Is there system with both single threaded and multi threaded core ?
That was the main open point for me (and for Qais too)


> us when doing load balance between 2 cores i.e at MC or DIE sched
> domain. Even with 2 threads running on a core, the core might look
> lightly loaded 2048/8192. Hence might dissuade movement to a idle core.

Then, there is the sibling flag at SMT level that normally ensures 1 task per
core for such UC

>
> I always wonder why arch_scale_cpu_capacity() is called with NULL
> sched_domain, in scale_rt_capacity(). This way capacity might actually

Probably because until this v4.19-rcxx version, the rt scaling was done
relatively to local cpu capacity:
capacity  = arch_scale_cpu() * scale_rt_capacity / SCHED_CAPACITY_SCALE

Whereas now, it directly returns the remaining capacity

> be more than the capacity_orig. I am always under an impression that
> capacity_orig > capacity. Or am I misunderstanding that?

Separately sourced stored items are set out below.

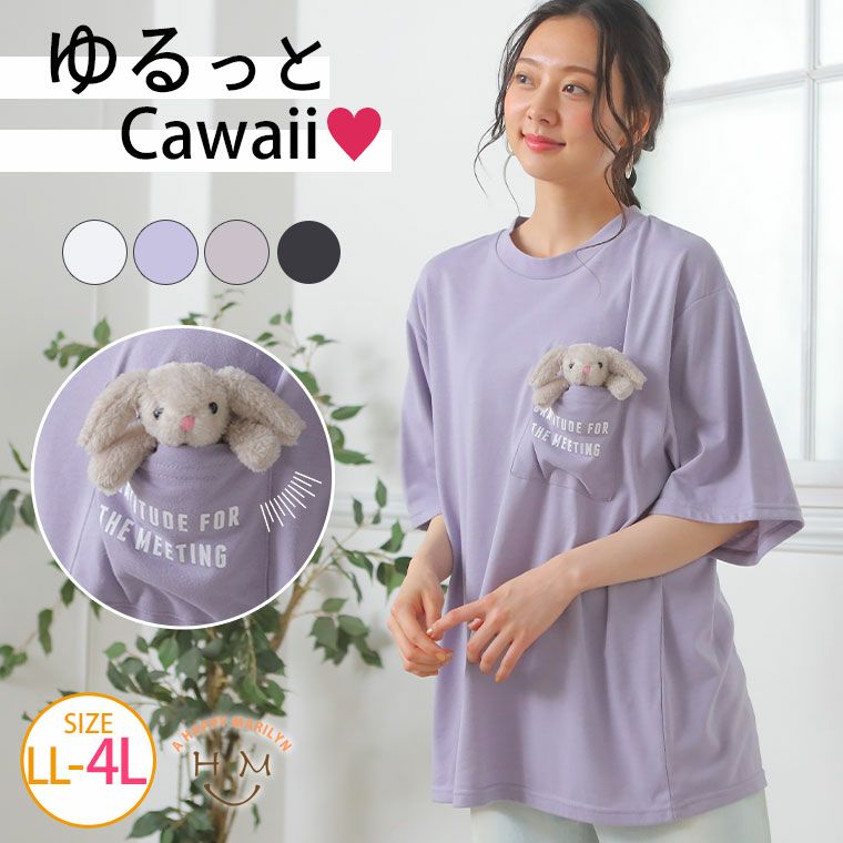 ゆるっとかわいい ぬいぐるみ付き 胸ポケットTシャツ (うさぎタイプ)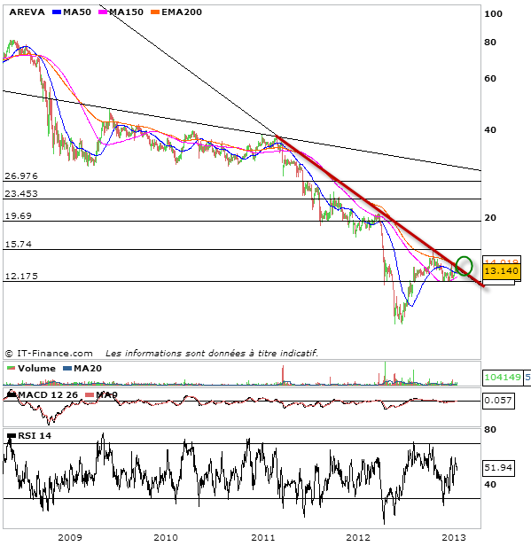 ce n’est pas la première fois que je vais parler de l’action Areva sur graphseo bourse puisque voilà déjà quelques semaines que je suis l’action qui de plus en plus s’intègre à ma stratégie. Comme vous le savez l’action Areva a connu une tendance baissière forte, renforcée par les évènement en mars de 2011 de Fukushima et le fait que le solaire semble de plus en avoir un avenir contrairement au nucléaire. Oui mais voilà, le graphique de l’action Areva semble lui nous raconter une histoire tout autre. Après avoir lancer un rebond technique à partir des 10€ voilà que l’action consolide depuis de longs mois sous son oblique baissière long terme. Ce n’est que pure anticipation à ce stade, mais l’action Areva semble bien se préparer à une rupture haussière de cette oblique, et par là même à la fin de sa tendance baissière installée depuis 2007.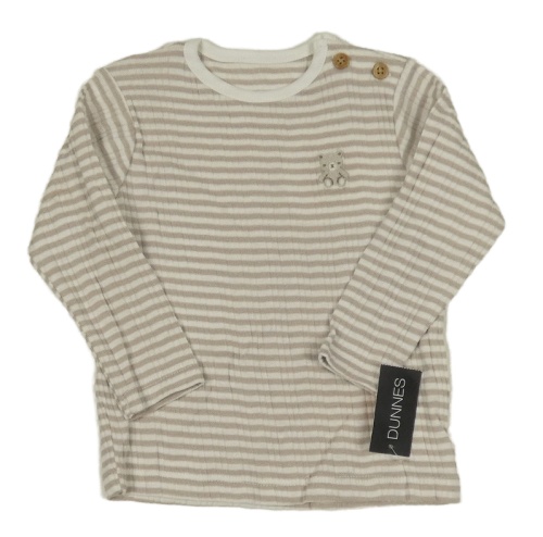 Nové - Smetanovo-hnedé pruhované rebrované tričko s výšivkou Dunnes
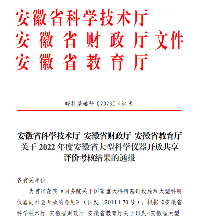 日前,省科技厅会同省财政厅、省教育厅公布了2022年度安徽省大型科学仪器开放共享评价考核结果,RayBetApp官网下载

You are right, there is a bug for SMT and the patch below should fix it.
Nevertheless, we still have the problem in some other places in the code.

Subject: [PATCH] sched/fair: fix scale_rt_capacity() for SMT

Since commit:
commit 523e979d3164 ("sched/core: Use PELT for scale_rt_capacity()")
scale_rt_capacity() returns the remaining capacity and not a scale factor
to apply on cpu_capacity_orig. arch_scale_cpu() is directly called by
scale_rt_capacity() so we must take the sched_domain argument

Fixes: 523e979d3164 ("sched/core: Use PELT for scale_rt_capacity()")
Reported-by: Srikar Dronamraju <srikar@xxxxxxxxxxxxxxxxxx>
Signed-off-by: Vincent Guittot <vincent.guittot@xxxxxxxxxx>
---
kernel/sched/fair.c | 6 +++---
1 file changed, 3 insertions(+), 3 deletions(-)

diff --git a/kernel/sched/fair.c b/kernel/sched/fair.c
index 309c93f..c73e1fa 100644
--- a/kernel/sched/fair.c
+++ b/kernel/sched/fair.c
@@ -7481,10 +7481,10 @@ static inline int get_sd_load_idx(struct sched_domain *sd,
return load_idx;
}

-static unsigned long scale_rt_capacity(int cpu)
+static unsigned long scale_rt_capacity(struct sched_domain *sd, int cpu)
{
struct rq *rq = cpu_rq(cpu);
- unsigned long max = arch_scale_cpu_capacity(NULL, cpu);
+ unsigned long max = arch_scale_cpu_capacity(sd, cpu);
unsigned long used, free;
unsigned long irq;

@@ -7506,7 +7506,7 @@ static unsigned long scale_rt_capacity(int cpu)

static void update_cpu_capacity(struct sched_domain *sd, int cpu)
{
- unsigned long capacity = scale_rt_capacity(cpu);
+ unsigned long capacity = scale_rt_capacity(sd, cpu);
struct sched_group *sdg = sd->groups;

cpu_rq(cpu)->cpu_capacity_orig = arch_scale_cpu_capacity(sd, cpu);
--
2.7.4

>
> --
> Thanks and Regards
> Srikar Dronamraju
>